Map of Kota Marudu District

The Kota Marudu District (Daerah Kota Marudu) is an administrative district in the Malaysian state of Sabah, part of the Kudat Division which includes the districts of Kota Marudu, Kudat and Pitas. The capital of the district is in Kota Marudu Town.

== Etymology ==
Kota means Fort. The name Marudu originated from the language of Balangigi people from the words of "Mairudu" or "Maiuludu" which means "a position located in the same place", referring to the geographical position of Marudu Bay which forms a large bay. Since then, the term Mairudu turns to Marudu and Mailudu becomes Maludu. Hence, Western writers often refer to Marudu as Marudu, Marudo or Maludu. The name Marudu was first mapped by a Dutch sailor in 1595 who sailed from Brunei and reached Marudu, Palawan and the Sulu Archipelago. While in the waters of Marudu, he found the Balangigi people or also called by the Spaniards as the "Camucones" became the sea troops of the Sultanates of Brunei and Sulu at the time.

== History ==
The district is once known as the stronghold of a local leader named Sharif Usman. The Sharif administer the area under the consent of the Sultanate of Sulu although he administer the place under his own as an independent chiefdom. He later involved in a dispute with the colonial authorities of British North Borneo after being accused as a pirate and involved in a slave trade, where he was killed during a battle with the latter and his entire fort in the area was destroyed.

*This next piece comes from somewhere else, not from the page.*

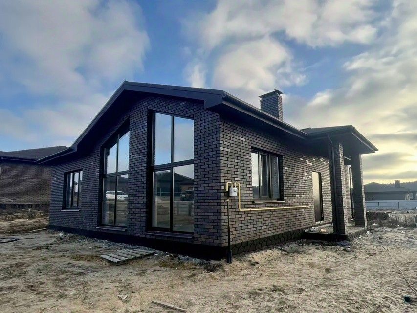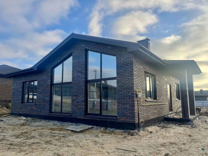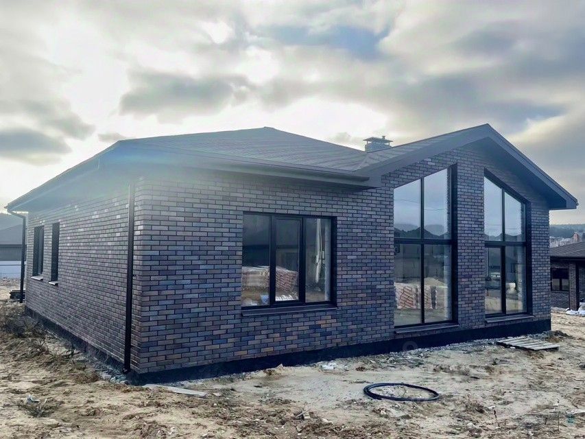 Дом выполнен из газобетона и облицован красивым кирпичом ''Браер''. Кровля — мягкая, окна — 70-профиль.

The district were once designated as a sub-district of Kudat District in 1952, known as Bandau, before upgraded to a full elevated district and renamed as "Kota Marudu".

== Demographics ==

The population of Kota Marudu district according to the last census in 2010 is 66,374. It consists mainly of Dusun (from the Gobukon, Tobilung, Tagahas, Bunduliwan-Tinagas, Kimaragang-Sonsogon, Garo, Luba and Talantang tribes), Rungus, Bajau, Orang Sungai (Tambanuo) and Chinese (mainly Hakkas). As in other districts of Sabah, there are a significant number of illegal immigrants from the nearby southern Philippines, notably from the Sulu Archipelago and Mindanao which are not included in the population statistics.

== Infrastructure ==
Kota Marudu features a dual carriageway within its township area, Kota Marudu town. It was planned in 2021 before it was eventually built in 2025, transition from a single to dual carriageway to ease traffic congestion.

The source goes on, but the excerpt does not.